La tienda se había quedado en silencio. Eram masticaba lentamente su higo.

– Lo que dice tiene mérito -opinó el general.

– ¿Cuántos hombres te seguirán?

– No sé. Los que no se unan al principio vendrán después de que se sepa nuestro éxito.

– Un nuevo Hunter sale del desierto -dedujo Eram-. La nueva generación con una nueva respuesta. ¿Es así?

– Algo así.

El dirigente se puso de pie, se limpió las manos en los pantalones, y se dirigió hacia la pared de la tienda detrás de ellos.
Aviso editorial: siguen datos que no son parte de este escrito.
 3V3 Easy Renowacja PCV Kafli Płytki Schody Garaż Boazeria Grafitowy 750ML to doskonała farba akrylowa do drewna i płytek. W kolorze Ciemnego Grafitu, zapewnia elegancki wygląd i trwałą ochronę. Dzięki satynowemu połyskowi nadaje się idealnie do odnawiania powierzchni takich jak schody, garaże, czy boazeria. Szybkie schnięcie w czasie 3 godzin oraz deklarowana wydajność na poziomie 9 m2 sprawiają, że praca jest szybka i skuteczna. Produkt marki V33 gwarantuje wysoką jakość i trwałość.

– Permíteme mostrarte algo.

Samuel lo siguió mientras el hombre se acercaba a una ventana y levantaba el alerón de lona. Se puso en pie a un lado e invitó a Samuel a mirar. La tienda estaba sobre el borde de un enorme cañón que cortaba la meseta, una formación fácil de pasar por alto desde toda posición ventajosa. El suelo se extendía al menos varios kilómetros antes de abrirse al desierto del norte, y hasta donde Samuel podía ver, el valle estaba cubierto por tiendas, pero no las hogareñas que llenaban la ciudad. Eran las tiendas que una vez usaran los guardianes del bosque en batalla. Aquel era el ejército de Eram.
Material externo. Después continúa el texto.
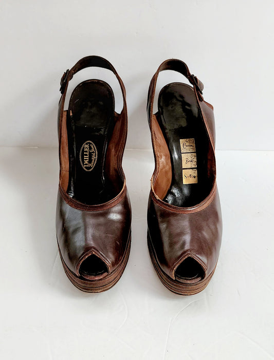 40s Brown Shoes Peep Toe High Heel Slingbacks Size 10 RARE

Entonces Samuel vio movimiento. Un mar de lo que había creído que eran rocas cambiaba de posición a varios kilómetros a favor del viento. Caballos en formación. Más de los que se podían contar.

– ¿Crees que nos hemos quedado con los brazos cruzados todos estos años? -indagó Eram.

Samuel se quedó helado ante el imponente tamaño del ejército.

– ¿Cuántos? -preguntó Petrus.

– Contándolos todos, ciento cincuenta… mil.

– Muchos -opinó Samuel.

– Más que los guardianes del bosque en sus mejores tiempos, reunidos de todos los siete bosques. Hombres y mujeres, todos en edad de pelear que sean mestizos y con la voluntad para retomar nuestra tierra.

– ¿Por qué no lo han hecho? -preguntó Samuel mientras se le aceleraba el pulso.

– ¿Ir contra el ejército de Qurong? Todo a su debido tiempo, amigo mío. Ellos aun nos superan en cantidad. El ejército de Qurong es de más de quinientos mil. Iremos cuando no haya posibilidad de fracasar -contestó Eram, y entonces respiró hondo-. Ninguna.

– Ese momento podría estar más cerca de lo que crees -consideró Samuel.

– ¿Para qué despertar antes de tiempo al oso durmiente?

– No subestimes lo que podemos hacer uno por el otro.

– ¿Cómo?

Samuel ya no tenía nada que perder.

– ¿Y si te trajera luchadores de élite que cada uno pueda derrotar a diez de las hordas con una sola espada? Estoy hablando de una nueva clase de guardianes del bosque, capaces de contener los flancos o de devastar la retaguardia de un ejército mientras los atacas de frente.

– Sí, así que hablas de…

– No estoy hablando de cuatro. Ni cuarenta.

No hubo respuesta.

– ¿Y si te pudiera traer cuatrocientos?

Esta vez Eram miró por encima del enorme desfiladero lleno con su ejército en sereno silencio. Cuando habló tenía un nuevo respeto en la voz.

– Entonces serás una leyenda entre los eramitas.